Reverse (.rev) Vector Components

I ran into a case where it would be really useful to reverse the vector components. To create fully compliant BLAS functions, one must account for when the steps between elements (e.g., incx), are negative. Since hardware vendors may not support implicitly vectorize, elements may need to be explicitly packed into vector types.

To treat negative and non-unit increments, I copy the relevent elements from low-to-high global memory addresses to low-to-high local memory. Then I do a vload from local memory into private memory, where I currently shuffle (if needed), compute, and shuffle (again if needed) before doing a vstore to local memory, and then back into global memory.

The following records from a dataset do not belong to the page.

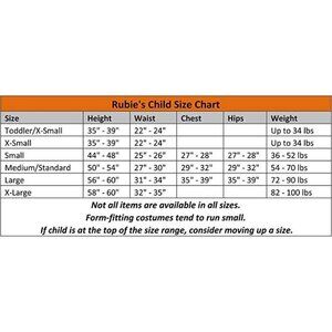 IMPORTANT: Costumes are sized differently than apparel, use the Rubie’s Child Size Chart, do not choose based on child’s age or clothing size
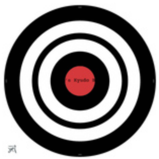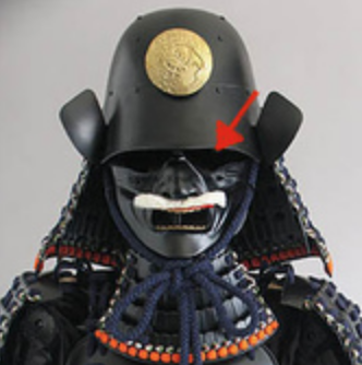 金的」在日本稱為「きんてき(Kinteki)」或「きんのまと(Kin-no-mato)」,其由來更是眾說紛紜,其尺寸當然也各有不同。其中一說是指古代戰場中,武士在穿著甲冑時未被保護的眼睛部分(如下圖箭頭處),就直徑尺寸上來說大約一寸八分(約3.3cm)(約5.5cm:感謝 FB Watanabe先生的指點)。此種類的甲冑一般只有領軍者或六品以上武官才會著上,故能射中可謂難得並可贏得戰功。延伸至現代,此類「金的」使用在祝儀上更顯其”難能可貴(めでたい)”之精神。另外兩種說法是指男性的睪丸部位及現代版標靶的中心處(如下圖紅色部位)。就直徑尺寸上來說大約三寸(約7-8cm)。不過不管是哪一種類型的「金的」,在現代皆屬於祝儀上所使用的標靶,總之射到都很爽(喂!!!)
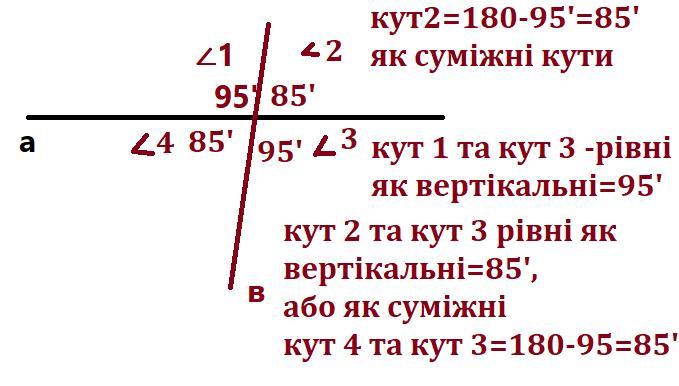 Один з кутів, утворений при перетені двох прямих , дорівнюе 95°. Знайдіть інших три кути.
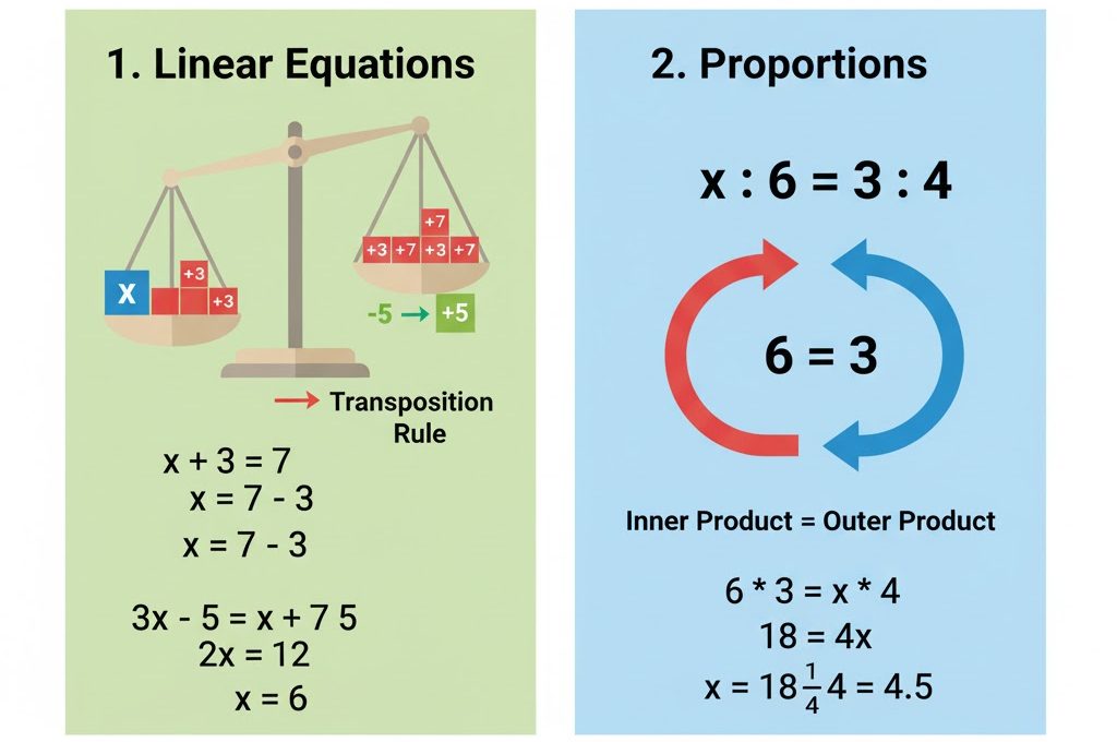 今日のカフェでは、方程式を解くための 2 つの強力なルール、「移項(いこう)のルール」と「比例式のルール」を、バランスゲームのように簡単に解説します!
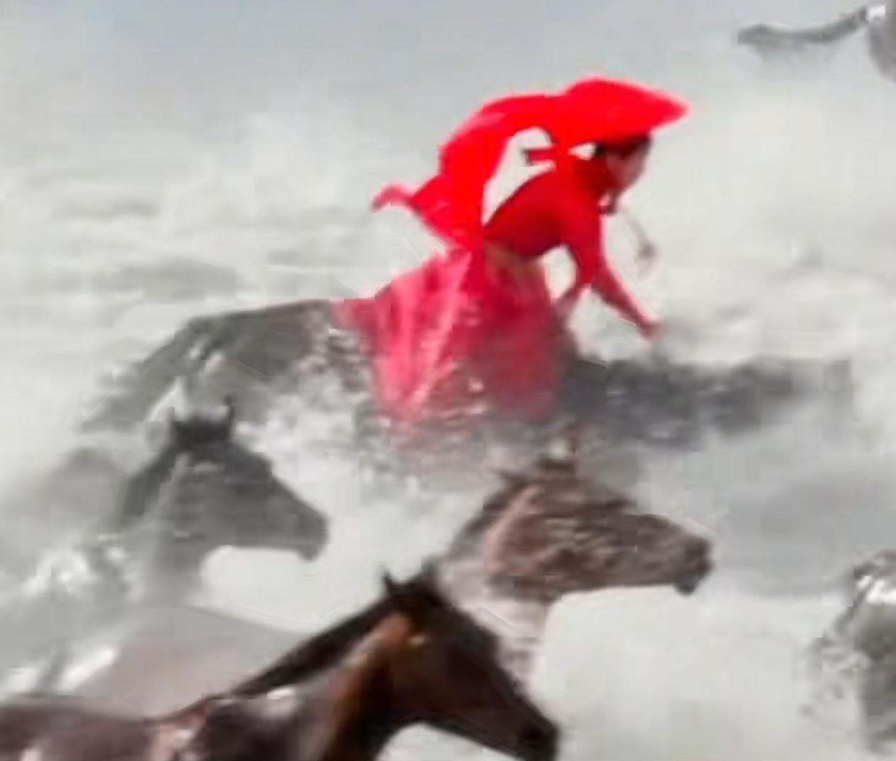 “已经好几次从马背上摔下来了,只是这次正好被无人机拍到了。”在接受红星新闻记者独家专访时,贺娇龙说,6月21日,她就打算拍摄“天马浴河”,但那天先在天马文化园拍摄时从马上摔下来,头很晕,拍摄就取消了。

Since the OpenCL specification already includes .hi, .lo, .even, .odd, I think .rev would be a natural addition. Of course I can continue to just use the built-in shuffle function, but then I need to create a reverse mask for each vector length. I think .hi, .lo, .even, and .odd being already in the spec. makes a reasonable argument to include .rev as well.

Instead of using ‘shufle()’ you can also just do something like:


float4 a = { 1.0f, 2.0f, 3.0f, 4.0f };
float4 b;

b = a.wzyx;  //reverses a

If that doesn’t look explicit enough, just write a macro to do the same.

Reversing built-in vector types using shuffles and swizzles are explicit, but not readily portable for different vector lengths because function overloading in not included in the OpenCL C kernel language. Of course it’s not too difficult manually reverse them, but it seems like it would be a simple thing to add to the specification to make things easier/faster and less prone to error when dealing with swizzles.